Een uitzondering op voornoemde regel vormen de «uitkeringsaanvragen voor volledige werkloosheid zonder invloed op de code » die werden ingediend in november 1996 . Hier wordt een indieningstermijn vastgesteld van 21,7 dagen en een betalingstermijn van 23,2 dagen.

In het licht van wat voorafging kan dus worden afgeleid dat de beslissing om voortijdig te betalen wordt genomen vóór de indiening, op het ogenblik zelf van de samenstelling van het dossier.

Wat deze analyse aan het licht bracht..... De specifieke telling gebaseerd op de betalingen die werden verricht n.a.v. uitkeringsaanvragen in de maand mei 1996 toont aan dat de gemiddelde termijn voor het behandelen van een dossier door de RVA 8,9 dagen bedraagt, een termijn die praktisch niet varieert volgens het type aanvraag of volgens UI. Dit sluit echter niet uit dat er tussen de diensten regionale verschillen kunnen optreden, of dat er in de tijd schommelingen mogelijk zijn. De behandelingstermijn opgetekend in mei (8,9 dagen) lijkt een bijzonder gunstige termijn te zijn. De gemiddelde behandelingstermijn binnen de RVA tijdens de maand november 1996 (13,8 dagen) is relatief langer maar leunt sterk aan bij de termijn (13,5 dagen) die op jaarbasis (juni 95-mei 96).werd opgetekend

Maar die behandelingstermijn blijkt niet het belangrijkste element te zijn in de betaling van de uitkeringsaanvrager, aangezien een aanzienlijk percentage personen wordt betaald nog vooraleer het dossier werd ingediend : bijna één persoon op drie in de maand mei, en zowat één op twee in de maand november 1996.

Het is echter verwonderlijk dat de dossiers die zeer snel bij de RVA worden ingediend blijkbaar niet die dossiers zijn die het vlugst zullen worden betaald, en dat ondanks het feit dat de behandelmingstermijn door de diensten van de RVA nagenoeg gelijk is.
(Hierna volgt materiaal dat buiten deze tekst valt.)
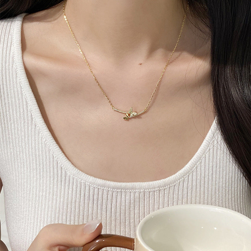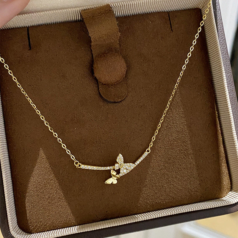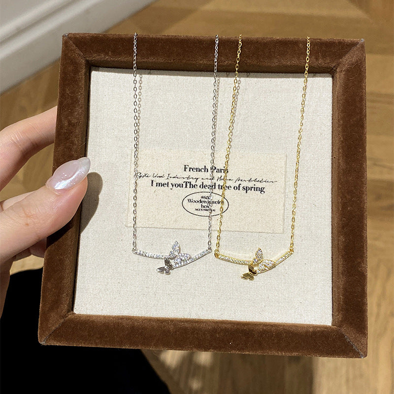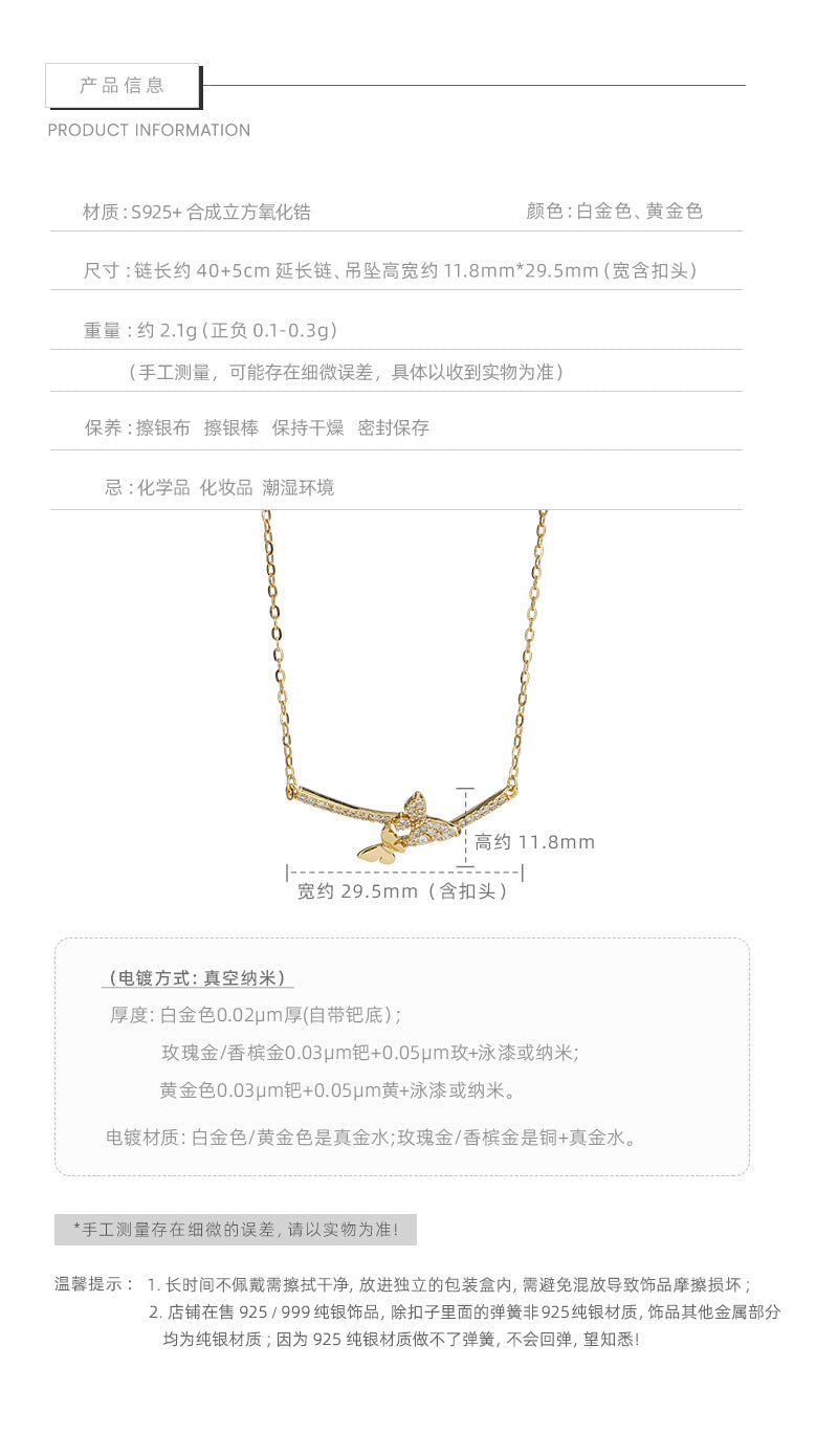 F廠【DQ1970N】韓版精緻微笑蝴蝶項鍊女S925純銀輕奢小眾微鑲百搭鎖骨鏈 25.06-2

Het blijkt dat die dossiers de gewone chronologische weg volgen, waarbij aan de behandelingstermijn binnen de RVA normaal een termijn van twee weken wordt toegevoegd, nodig om de betaling te kunnen uitvoeren.
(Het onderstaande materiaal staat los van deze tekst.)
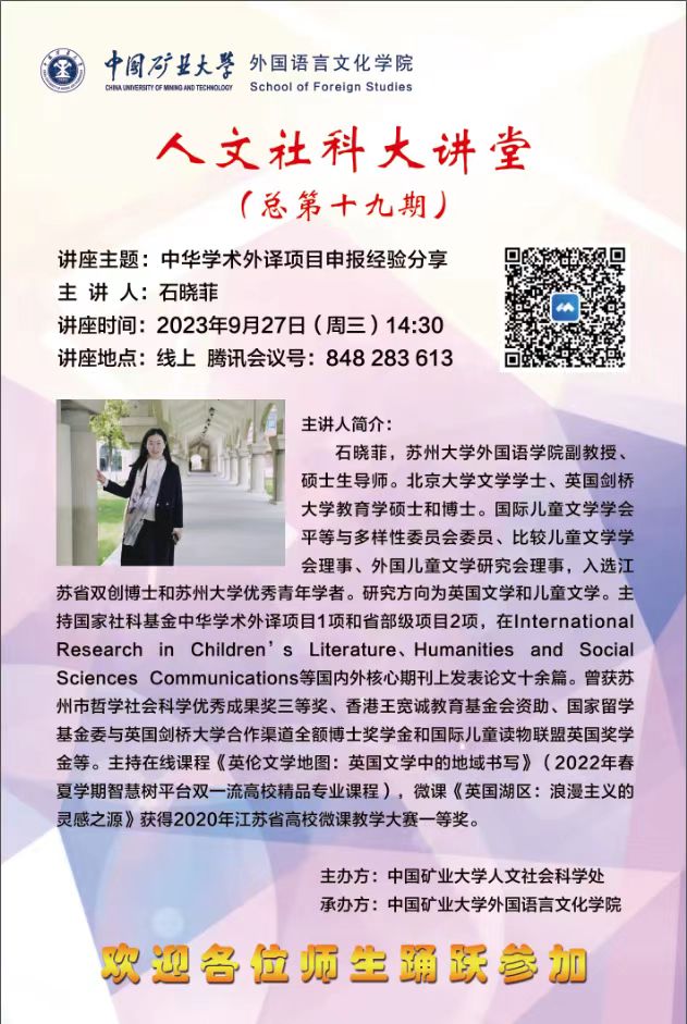下一条:【人文大讲堂】(2023-12)——漫谈语言学科研项目申报及论文发表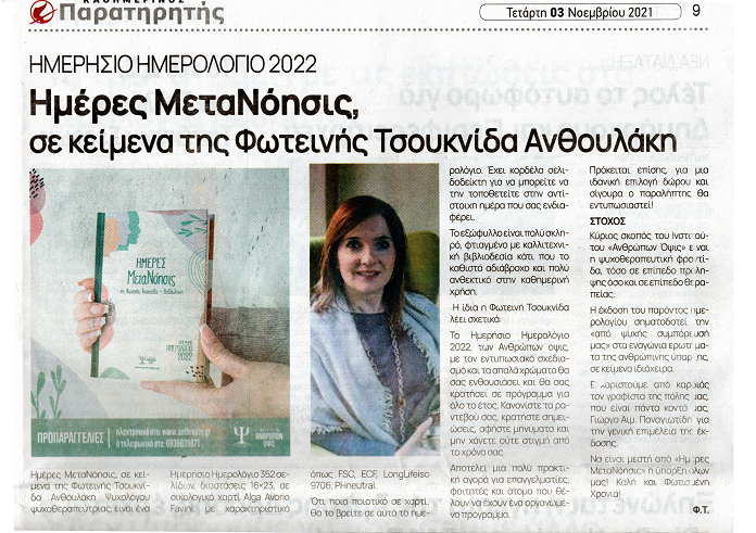 Ευχαριστούμε θερμά τον Παρατηρητή Σερρών για το προσεγμένο αφιέρωμά του στο Ημερήσιο Ημερολόγιο 2022: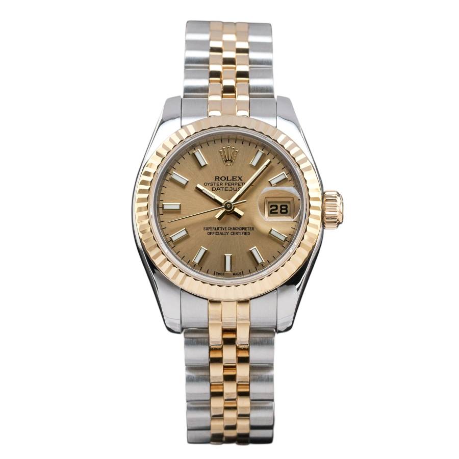 ROLEX LADY DATEJUST TWO-TONE YELLOW GOLD STEEL JUBILEE CHAMPAGNE DIAL FULL SET 2005 REF: 179173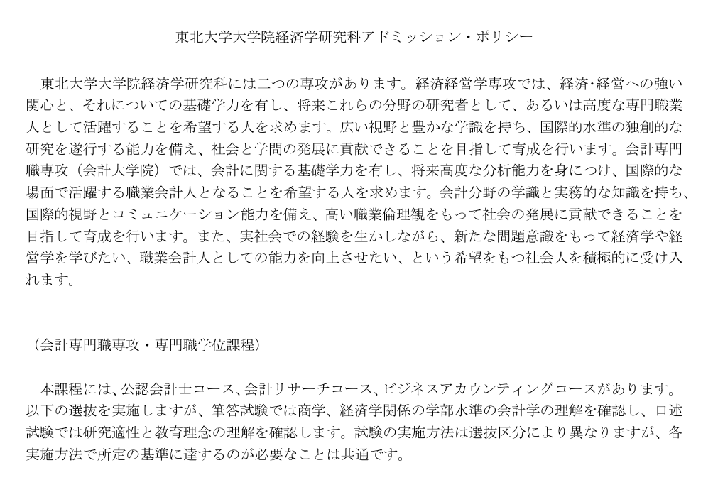 东北大学是7所帝大中唯二设置了会计专门职的学校之一。会计专门职专攻・专门职学位课程下设置有公認会計士コース、会計リサーチコース、ビジネスアカウンティングコース共3个方向,要求考生具备会计学相关的基础知识以及高度的分析能力,专攻旨在培养会计职业领域的专门人才。

Paradoxaal blijft echter dat een dossier dat snel wordt betaald een dossier is waarvoor de indieningstermijn gemiddeld aanzienlijk langer is dan de normale termijn. Die dossiers volgen niet de normale chronologische weg, aangezien blijkt dat de betaling werd verricht nog voordat het dossier bij de RVA werd ingediend.

Wat beïnvloedt de beslissing van de UI om voortijdig te betalen? Welke criteria komen in aanmerking? De zekerheid een volledig en correct dossier te hebben? De vertraging opgelopen bij de samenstelling van het dossier? De planning van de betalingen door de uitbetalingsinstellingen en de tijd nodig om betaalorders aan de financiële instelling op te stellen?

Om het proces voor het behandelen van de uitkeringsaanvragen te verbeteren zou overleg tussen alle betrokken instanties op alle niveaus zeker nuttig zijn. Hierbij zou dan samen naar oplossingen kunnen worden gezocht om te lange betalingstermijnen in te korten. Er kan bijvoorbeeld worden gedacht aan de mogelijkheid om de indiening en de behandeling ante-datum van de aanvragen, indien dit mogelijk is, te veralgemenen.